Precisamos falar sobre suicídio infantil
Marco Antonio Spinelli*
Uma cliente querida me
passou um áudio divulgado no grupo das mães do colégio de sua filha. Estavam
todas apavoradas pela notícia do suicídio violento e dramático de uma criança
de treze anos em um conceituado colégio de São Paulo. Quando digo EM um
colégio, estou sendo literal. A menina tirou a própria vida dentro do seu colégio.

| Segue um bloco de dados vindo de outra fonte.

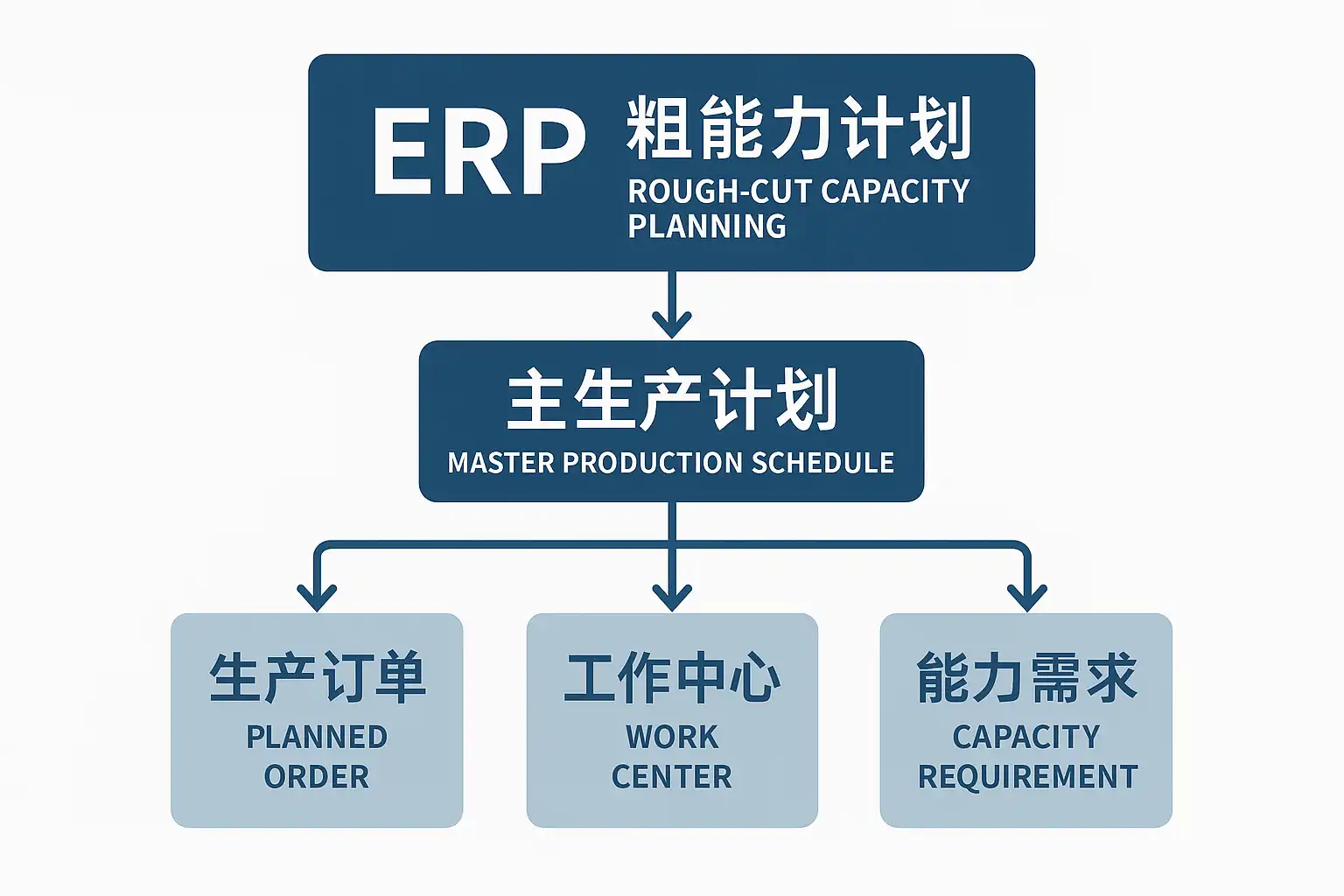 ERP系统中的粗能力计划(RCCP)是将主生产计划(MPS)与企业的关键资源能力进行初步匹配与校验的管理工具,属于生产计划的中层环节。其目标在于以较低的细节和较快的速度,初步判断企业的主要资源(产线、关键工序、瓶颈设备等)能否支撑MPS的各项需求。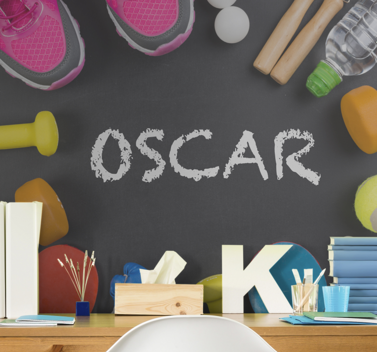 Introducing the Abstract wall mural fitness essentials showcase, a vibrant and energetic design that celebrates the spirit of fitness and sports! This captivating mural features an array of sport elements, including weights, shoes, and a water bottle, all presented in a custom, personalizable format. With a fun blackboard style, you can even add your own name to make it truly unique. Transform your space into a motivating environment that inspires exercise and healthy living!

Sei poucos detalhes e não é o objetivo desse artigo revelá-los. A mensagem era
de uma mãe terapeuta que mencionou o risco do efeito “contagioso” do suicídio
em crianças e adolescentes, o que pode provocar o “Cluster Suicide”, ou
Suicídios em Série. A mensagem estava indo muito bem, sobre a importância de
não se dar excessiva ênfase no assunto para não traumatizar nem amplificar o
impacto da história. Concordo. No final ela sugeriu que era melhor não falar
sobre o assunto com as crianças, para não criar o efeito da contaminação.
Discordo completamente. E explico.
É bastante bem
estabelecido que a Mídia e a Imprensa devem tratar esse tipo de notícia com
muita delicadeza. Já é bem claro que um dos fatores de risco para suicídio,
notadamente na puberdade/adolescência está diretamente relacionado ao suicídio
de amigo, colega ou pessoa próxima. Há alguns anos tivemos em outro colégio de
São Paulo a ocorrência desse fenômeno: dois adolescentes desse colégio tiraram
a própria vida, em um curto espaço de tempo. Todo mundo deve, ou deveria, tocar
nesse assunto com extremo cuidado. Todo mundo? Não, todo mundo não. Em tempos
de Redes Sociais, as mortes são postadas e os detalhes expostos de maneira
gráfica, atingindo crianças de idades cada vez mais precoces. O conselho da
colega, portanto, é completamente improcedente. Se os pais não falam sobre esse
assunto, muitas mensagens, comentários e fotos vão chegar aos computadores e
celulares de seus filhos, aumentando o risco de contaminação. Muita gente fica
em estado de paralisia e tem medo de induzir o comportamento se o assunto for
abordado. Na minha opinião, o assunto pode e deve ser abordado pelos pais. E os
filhos, em vez de serem vistos como potenciais suicidas, podem ser convidados a
ajudar e cuidar de colegas mais vulneráveis. E quem são os colegas mais
vulneráveis? Os colegas que tem ou passaram por quadros depressivos, passaram
por ou cometeram atos de violência, os que usam álcool e outras drogas
precocemente. Há também os alunos isolados, que afastam quem deles se aproxima
e alunos que estejam sofrendo qualquer tipo de bullying no ambiente escolar ou
social a que pertencem.
Os pais devem
estar atentos, abrir canais de diálogo e criar condições para se montar uma
corrente de proteção na comunidade. Em vez de projetar na criança o medo e a
insegurança dos pais, o melhor caminho é empoderar as crianças com a informação
e a “tarefa” de olhar pelo próximo e oferecer atenção e quem sabe, compaixão
para ele.
O Suicídio é a segunda
causa de morte em crianças e adolescentes no Brasil e no mundo. Isso em um país
que muitos jovens se ferem e morrem em assaltos, acidentes e diversas formas de
violência. O Suicídio é uma praga silenciosa, subnotificada e oculta, que está
se espalhando e criando novas vítimas. Não devemos mais olhar para isso com
indiferença ou culpar a família das vítimas ou apontar o dedo para as escolas.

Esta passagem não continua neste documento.